Those who spoke called for an end to “Black on Black” violence and the need to take personal responsibility. Yet, some sociologists say violence in the black community is an issue deserving everyone’s attention.

"It is time for us to step up," a speaker shouted.

Those who spoke called for action, to become more involved in their children’s lives and to look more closely at possible solutions. Others called for personal responsibility within the black community.

"We are the ones participating in drug selling, we are the ones who don't have any youth programs in our community," said another speaker.

New Orleans Police Superintendent Shaun Ferguson pleaded with the community for an end to what he called “senseless violence” and “Black on Black” crime.

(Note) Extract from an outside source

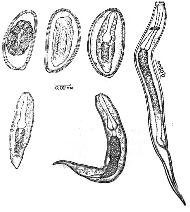 Рис. 1. Фрагменты тела нематод вида Passalurus ambiguus (Rudolphi, 1819) по Шульцу [34]: 1 – головной конец самки (желтой стрелкой отмечен пищевод; черной – бульбус); 2 – головной конец самки апикально; 4 – хвостовой конец самца (красной стрелкой отмечена спикула; голубой – тонкий отросток); 5 – хвостовой конец самки; 6 – кольцевидные образования кутикулы впереди хвостового острия у самки  Рис. 2. Яйца и личинки нематоды вида Passalurus ambiguus на разных стадиях развития (по Харичковой) [33] Локализация. Нематоды Passalurus ambiguus локализуются в слепой и ободочной кишках зайцеобразных. Имагинальные сам-ковые особи в период откладки яиц мигрируют к прямой кишке и локализуются у выхода из ануса [28,30,32,33,40,41]. Биология развития. Развитие пассалурусов протекает по ок-сиуридному типу [27, 28, 33], без участия промежуточных хозяев. Таким образом, пассалурусы являются геогельминтами [8]. Самцы, оплодотворив самок, погибают и впоследствии выбрасываются наружу во внешнюю среду вместе с фекалиями. Оплодотворенные самки продвигаются из слепой и прямой кишки к анусу, где у выхода откладывают яйца между криптами стенки кишечника, или на шерсть вокруг ануса. Впоследствии самки также погибают. Часть яиц попадают во внешнюю среду вместе с фекалиями. Инвазионной стадии яйца, отложенные в перианальной зоне или попавшие во внешнюю среду, достигают за 24-48 ч [27, 28]. В яйцах в этот период растут, развиваются и созревают личинки третьей стадии (larva III). Кролики заражаются, проглатывая такие яйца. В организме животных личинки достигают стадии имаго через 1,5 – 3 недели. Продолжительность жизни нематод составляет 60-100 суток [28]. Эпизоотологические данные. Пассалуроз – широко распространенная болезнь кроликов, содержащихся в хозяйствах разных форм собственности на территории России. Зарегистрирован в хозяйствах Кировской [15], Московской [24], Владимирской [19], Омской [22], Ленинградской [26], Кемеровской [29], Иркутской [16] областей, Краснодарского [39], Хабаровского [35] и Ставропольского [38] краях, во Владивостоке [31]. Источник заражения животных – это больные кролики и носители инвазии [14, 27]. Заражение животных пассалурозом происходит при поедании корма или питье воды, загрязненных инвазионными яйцами гельминтов. Поскольку кролики испытывают зуд при выхождении гельминтов из ануса (в особенности самок, откладывающих яйца), то кролики часто расчесывают передними лапками или вылизывают анальную область, таким образом происходит повторное заражение [32, 33]. Кролики подвержены копрофагии или цекотрофии (лат. caecum – слепая кишка + греч. trophe – пища, питание) [8, 14]. Данное явление распространено у кроликов вследствие недостатка в рационе минералов и протеинов. Кроликам для нормального деятельности желудочно-кишечного канала необходимы цекотрофы – комочки бактерий, выделяющиеся из ануса в результате их бурного размножения в аппендиксе и слепой кишке [27]. Заглатывая цекотрофы, кролики одновременно заглатывают и яйца. По данным некоторых авторов, молодые животные заражаются чаще и значительно интенсивнее [28], и в неблагополучных по пассалурозу хозяйствах зараженными могут быть до 50-90% кроликов при интенсивности инвазии до нескольких десятков тысяч гельминтов у одного животного [27]. К примеру, по данным Акбаева М.Ш., при проведении исследовательской работы на кро-ликофермах на территории Московской области интенсивност

"Anytime we, as a society, are talking about social justice versus social injustice, we as a community need to take a look at ourselves and what is it we are doing, what is it we are accepting as a norm that we should not be accepting as a norm," Ferguson said.

Some sociologists take issue with the phrasing, "Black on Black" violence.

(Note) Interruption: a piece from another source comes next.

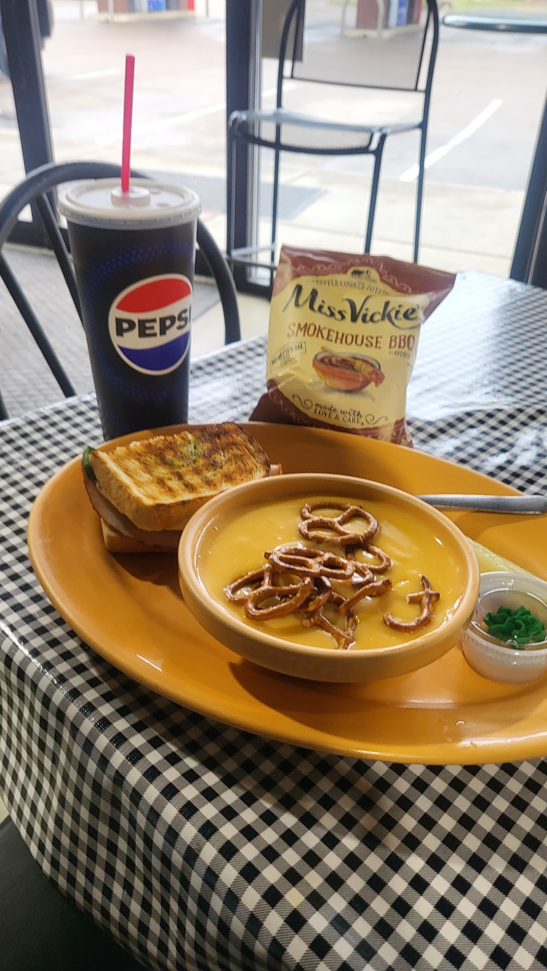 Due to a work contract nearby I went here 3 times in one week. #1 I called in a pick-up order of the Ciabbata-bing and they said it would be ready in 10 minutes. I arrived and they said they hadn't started it yet so I had to wait. Overall the sandwich was good although a bit lacking in protein, on par with the amount of meat you get at a Subway. The "cup" of soup I got, the tomato basil, was barely a cup, maybe 4 ounces although it was really good. #2 I came in and ordered a sunrise quesadilla with pulled pork. I took it back to my work site and when I got there I found out that they forgot to put in the pulled pork. So I had to drive back and get my pork. Thankfully they gave me a free meal card to make up for their error. The meal was really good partially because I got a lot of extra protein because of their mess up. #3 I redeemed my free meal card and ordered a Hot Shot with double meat and a bowl of soup. I also ordered barbecue sauce on the side instead of on the sandwich. They put the barbecue sauce on the sandwich instead which I didn't find out until like got to my work site. I decided I had enough of their mess ups and didn't want to deal with it. The bowl of soup was more like a cup, 6-8 ounces, and was ok. The sandwich was decent but not spectacular. I tried really hard to like this place, as evidenced by going there three times. However, they have a lot of kinks to work out, until then I doubt I will return. On top of that, for what you get for the price it's just not worth it, you might as well go to Subway and...

“I think we should begin to understand that violence is a problem that everyone should care about. White suburban communities should care about murders in black communities, as everyone should,” explained Assistant Professor at Rutgers School of Criminology, Michael Sierra-Arevalo, Ph.D.. “We know that it does, disproportionately, affect black communities and Latino communities but that doesn’t mean somehow the problem is less great or that the problem deserves less attention or that, for some reason, these communities bear more blame.”

Sierrea-Arevalo says the issue does have to do with race due to systemic racism.

"When we think about violence, we're looking at one of the end results with a long history of policies, of decisions made by social institutions and the actors that inhabit those institutions. I'm talking about politicians," Sierra-Arevalo said.

Assistant Professor at the School of Social Welfare at University of California, Berkeley, Erin Kerrison, Ph.D, says it is crucial the community takes into account the circumstances of those committing crimes.

"It's not about the people in it. It's about the context in which the people occupy the space and are clinging to survive," said Kerrison. "This is a cultural question and culture gives rise to structural decisions. And it has nothing to do with whether you're black or not. It has to do with what kind of chances you were offered and what kind of supports you were denied."

These questions, they say, are more difficult to answer. And the community grieving the loss of nine-year-old Devante Bryant wants answers and, more importantly, solutions.